(Input data)

%%

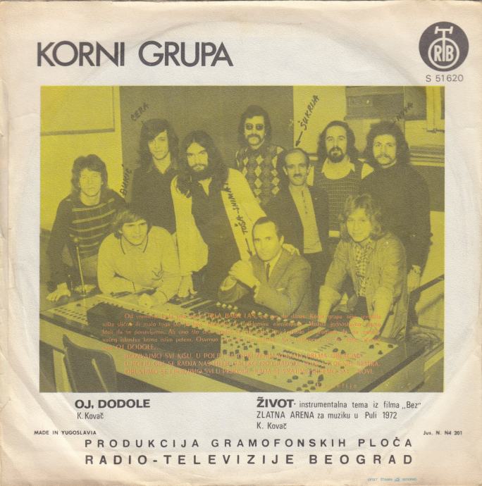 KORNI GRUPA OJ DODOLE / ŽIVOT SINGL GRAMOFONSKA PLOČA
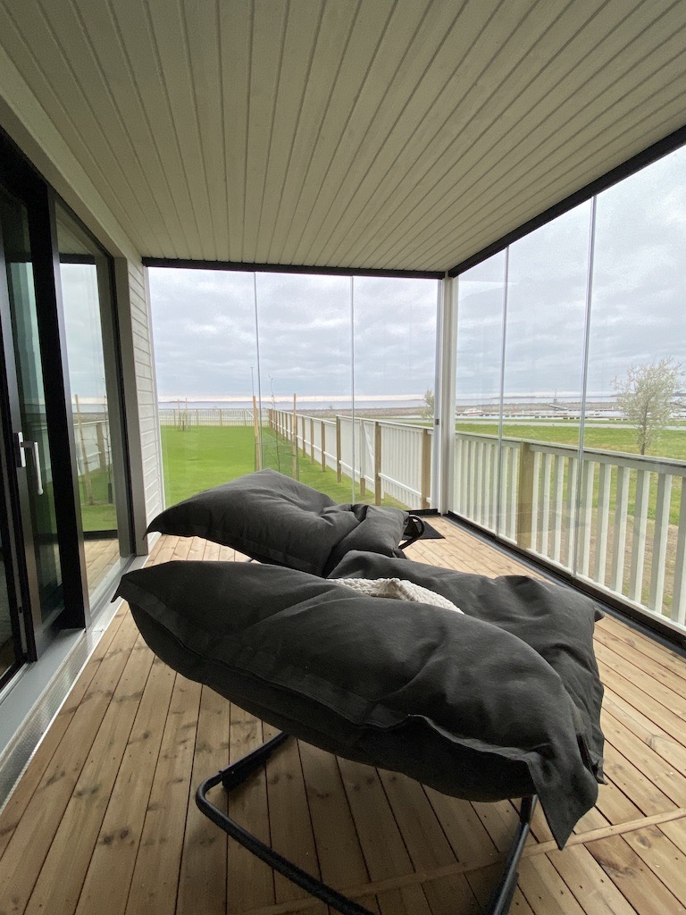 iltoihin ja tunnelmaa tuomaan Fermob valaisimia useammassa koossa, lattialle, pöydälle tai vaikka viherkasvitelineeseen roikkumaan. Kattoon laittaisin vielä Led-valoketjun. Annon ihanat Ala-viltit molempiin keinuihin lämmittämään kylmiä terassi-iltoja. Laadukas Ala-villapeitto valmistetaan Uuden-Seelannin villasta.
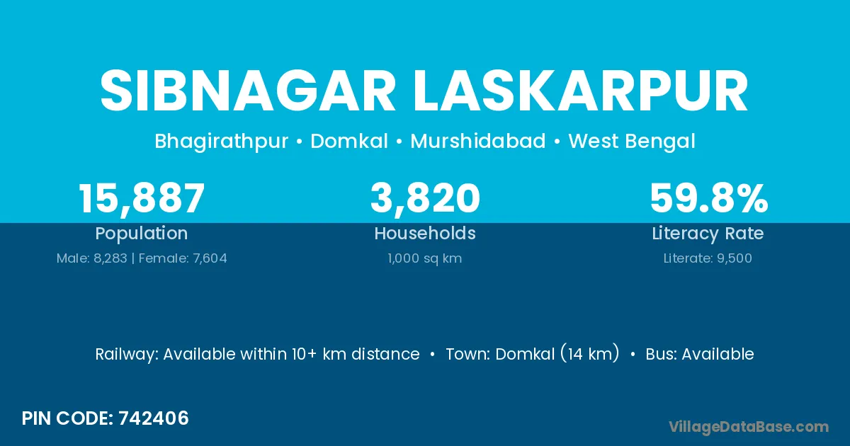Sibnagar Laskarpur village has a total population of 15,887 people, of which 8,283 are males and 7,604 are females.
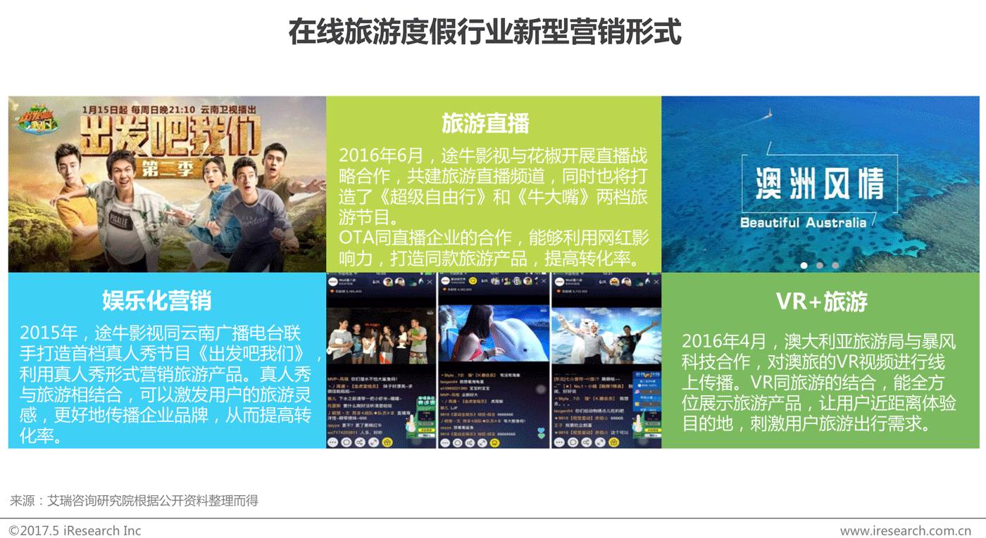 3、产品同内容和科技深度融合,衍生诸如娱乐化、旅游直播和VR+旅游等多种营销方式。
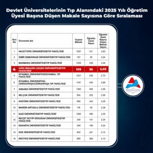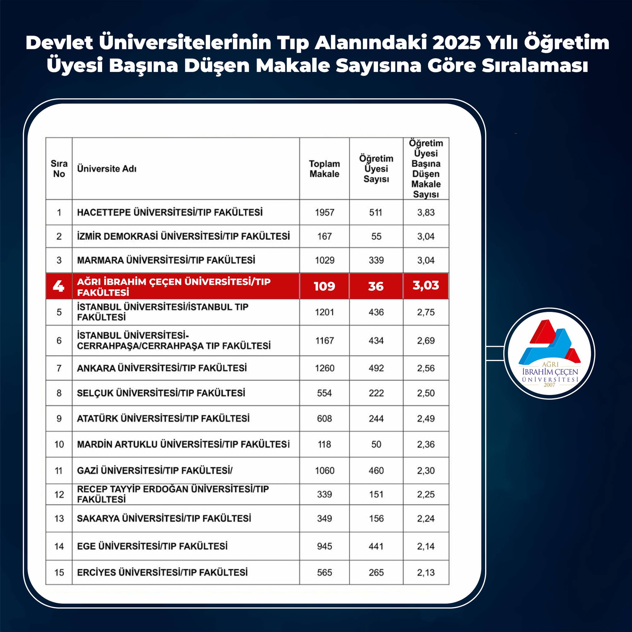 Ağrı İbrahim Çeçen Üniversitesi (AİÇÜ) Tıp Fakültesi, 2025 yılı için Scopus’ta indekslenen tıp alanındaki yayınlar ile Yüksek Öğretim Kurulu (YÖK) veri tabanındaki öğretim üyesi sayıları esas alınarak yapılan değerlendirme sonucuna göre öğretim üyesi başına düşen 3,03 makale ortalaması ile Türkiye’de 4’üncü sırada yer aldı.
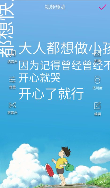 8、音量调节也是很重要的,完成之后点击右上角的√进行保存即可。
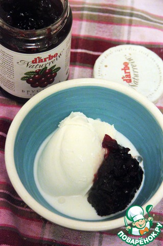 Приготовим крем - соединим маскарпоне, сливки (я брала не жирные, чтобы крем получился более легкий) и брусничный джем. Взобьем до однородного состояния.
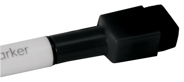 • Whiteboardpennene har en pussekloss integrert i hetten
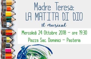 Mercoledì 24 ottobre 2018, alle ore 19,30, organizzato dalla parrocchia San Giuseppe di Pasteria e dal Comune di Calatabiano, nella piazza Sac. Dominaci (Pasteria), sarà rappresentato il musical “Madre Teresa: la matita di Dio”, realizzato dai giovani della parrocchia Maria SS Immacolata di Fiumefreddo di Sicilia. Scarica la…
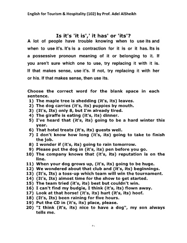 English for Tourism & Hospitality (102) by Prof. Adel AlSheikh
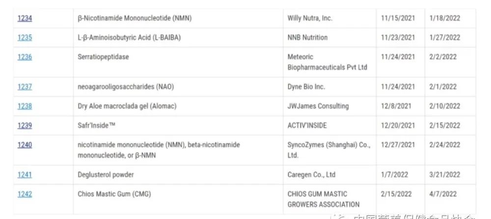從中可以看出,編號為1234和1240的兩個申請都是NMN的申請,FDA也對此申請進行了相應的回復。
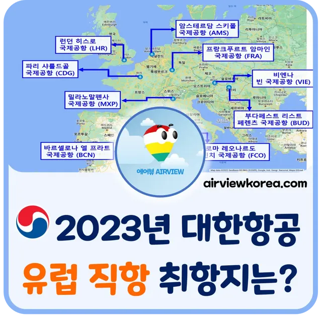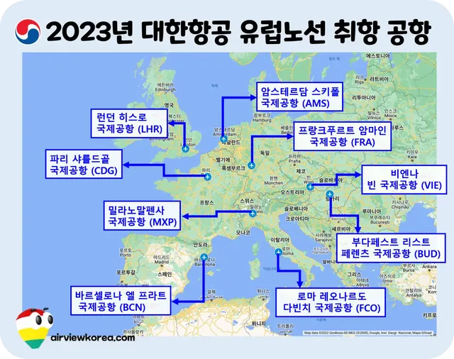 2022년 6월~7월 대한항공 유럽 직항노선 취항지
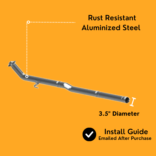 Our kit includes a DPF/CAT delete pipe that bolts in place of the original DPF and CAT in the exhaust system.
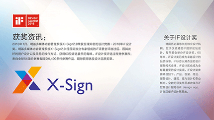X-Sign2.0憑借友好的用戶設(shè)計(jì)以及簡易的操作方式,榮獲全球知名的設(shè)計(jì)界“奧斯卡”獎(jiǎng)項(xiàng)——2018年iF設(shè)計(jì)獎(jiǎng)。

%%

(Work request)
Keep the pictures out of the copy and return the rest of the data above exactly.

(Response to the task)
 KORNI GRUPA OJ DODOLE / ŽIVOT SINGL GRAMOFONSKA PLOČA
 iltoihin ja tunnelmaa tuomaan Fermob valaisimia useammassa koossa, lattialle, pöydälle tai vaikka viherkasvitelineeseen roikkumaan. Kattoon laittaisin vielä Led-valoketjun. Annon ihanat Ala-viltit molempiin keinuihin lämmittämään kylmiä terassi-iltoja. Laadukas Ala-villapeitto valmistetaan Uuden-Seelannin villasta.
Sibnagar Laskarpur village has a total population of 15,887 people, of which 8,283 are males and 7,604 are females.
 3、产品同内容和科技深度融合,衍生诸如娱乐化、旅游直播和VR+旅游等多种营销方式。
 Ağrı İbrahim Çeçen Üniversitesi (AİÇÜ) Tıp Fakültesi, 2025 yılı için Scopus’ta indekslenen tıp alanındaki yayınlar ile Yüksek Öğretim Kurulu (YÖK) veri tabanındaki öğretim üyesi sayıları esas alınarak yapılan değerlendirme sonucuna göre öğretim üyesi başına düşen 3,03 makale ortalaması ile Türkiye’de 4’üncü sırada yer aldı.
 8、音量调节也是很重要的,完成之后点击右上角的√进行保存即可。
 Приготовим крем - соединим маскарпоне, сливки (я брала не жирные, чтобы крем получился более легкий) и брусничный джем. Взобьем до однородного состояния.
 • Whiteboardpennene har en pussekloss integrert i hetten
 Mercoledì 24 ottobre 2018, alle ore 19,30, organizzato dalla parrocchia San Giuseppe di Pasteria e dal Comune di Calatabiano, nella piazza Sac. Dominaci (Pasteria), sarà rappresentato il musical “Madre Teresa: la matita di Dio”, realizzato dai giovani della parrocchia Maria SS Immacolata di Fiumefreddo di Sicilia. Scarica la…
 English for Tourism & Hospitality (102) by Prof. Adel AlSheikh
從中可以看出,編號為1234和1240的兩個申請都是NMN的申請,FDA也對此申請進行了相應的回復。
 2022년 6월~7월 대한항공 유럽 직항노선 취항지
 Our kit includes a DPF/CAT delete pipe that bolts in place of the original DPF and CAT in the exhaust system.
X-Sign2.0憑借友好的用戶設(shè)計(jì)以及簡易的操作方式,榮獲全球知名的設(shè)計(jì)界“奧斯卡”獎(jiǎng)項(xiàng)——2018年iF設(shè)計(jì)獎(jiǎng)。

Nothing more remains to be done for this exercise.